As well as offering multiple paylines, bonus features and the possibility of very big wins, modern online slot machines generally have a much better return to player than their mechanical ancestors; one armed bandits commonly had RTP of around 70% whereas the vast majority of online slots have RTP of over 90% and many have RTP of over 95%.
Return to Player is the percentage of total stakes that the slot pays back out to the players, averaged over millions of spins. Note that it is a percentage of stakes and not a percentage of deposits. Let’s say you deposit £100 and start to play a slot with RTP 95% at £1 a spin. 100 spins later, your expected return would be £95 but what that means is that if thousands of players did the same thing, they would be left with £95 on average; it does not mean you will be left with £95 in this instance and it could be much higher or much lower. However much cash you have left after playing through the £100 you deposited, if you continue to play you will now be playing with money that has already been through the slot once – and that RTP of 95% applies every time you play it through.

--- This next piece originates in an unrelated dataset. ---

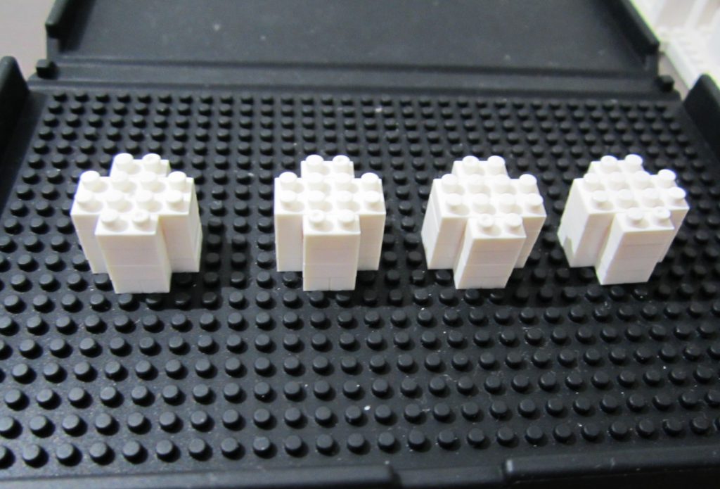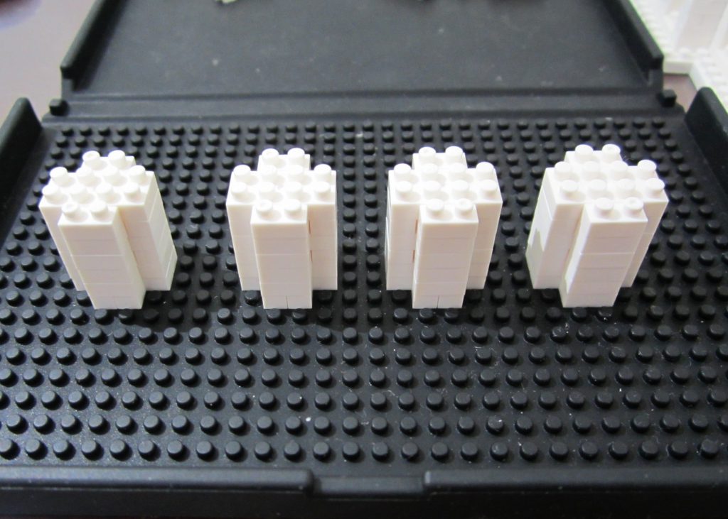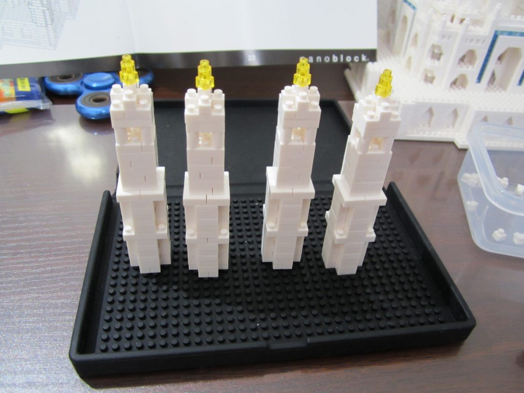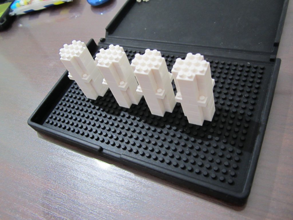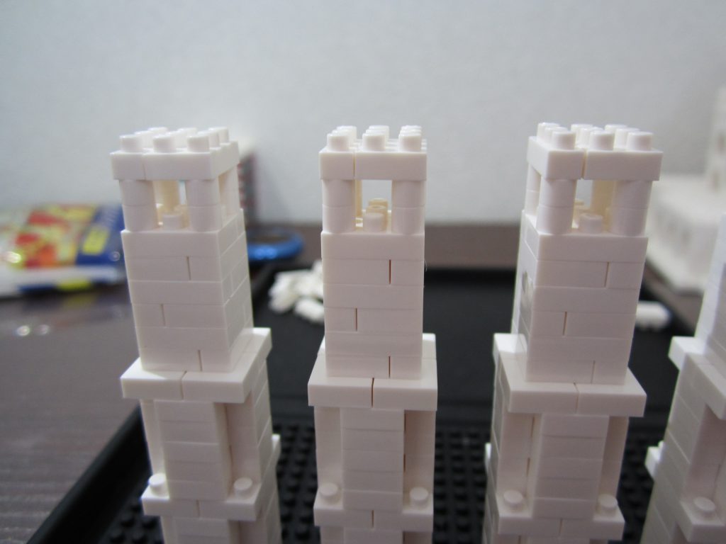 制作本体の四隅に取り付ける、柱?塔?みたいなパーツを作ります。同じものを4つ作るので並べてまとめて作った方が作業効率は良いです。

It’s like compound interest in reverse! Your expected return on £100, if you keep on playing £1 spins, is down to under £50 with a little over 1000 spins (but the actual sum you have by that time may be nowhere near £50 and could be zero – see the explanation of variance below).
The reels have the symbols on them and spin vertically when you press play. Classic fruit machines had three mechanical reels but modern slots usually have 5. Whether you come across a modern slot machine online or at a bricks and mortar casino, the reels will be virtual rather than mechanical with the stop position determined by a random number generator. This means that each reel, in effect, can contain hundreds of symbols (many more than could be accommodated within the confines of a physical machine) and this in turn means that the probability of a symbol that only appears once on the virtual reel coming up, is much lower than the probability of a symbol that only appears once on the mechanical reel coming up. This sounds bad for players on the face of it but actually it isn’t. Let’s say for the sake of argument that the virtual reel has 256 symbols and the physical reel 20; for a symbol that only appears once on each reel the probability of getting three of a kind on the virtual reels is 1/256 cubed which is 1/16,777,216 whereas the probability of getting three of a kind on the physical reels is 1/20 cubed which is 1/8000. The payout for three of a kind on the mechanical reels is therefore going to be triggered more than 2000 times as frequently as it is on the virtual machine – and if the two machines have the same RTP the payout for three of a kind on the virtual machine can therefore be VERY much larger.
5 x 3 – 5 reels with 3 positions visible on each reel – is the standard arrangement of reels found on a great many online slots. It is not ubiquitous though as there are some with 5 x 4 or 6 x 4, some with completely bizarre looking arrangements involving multiple sets of reels, triangular or hexagonal arrays and even some that don’t appear to have reels at all but instead resemble a Candy Crush board. Even where there is a conventional arrangement the reels may not look like spinning reels but like cascading gemstones or waves crashing on a beach, for instance.
Another advantage of having virtual rather than mechanical reels is that it is possible to have a bonus round with either a completely different set of reels, or none at all (such as in a pick me type of bonus round).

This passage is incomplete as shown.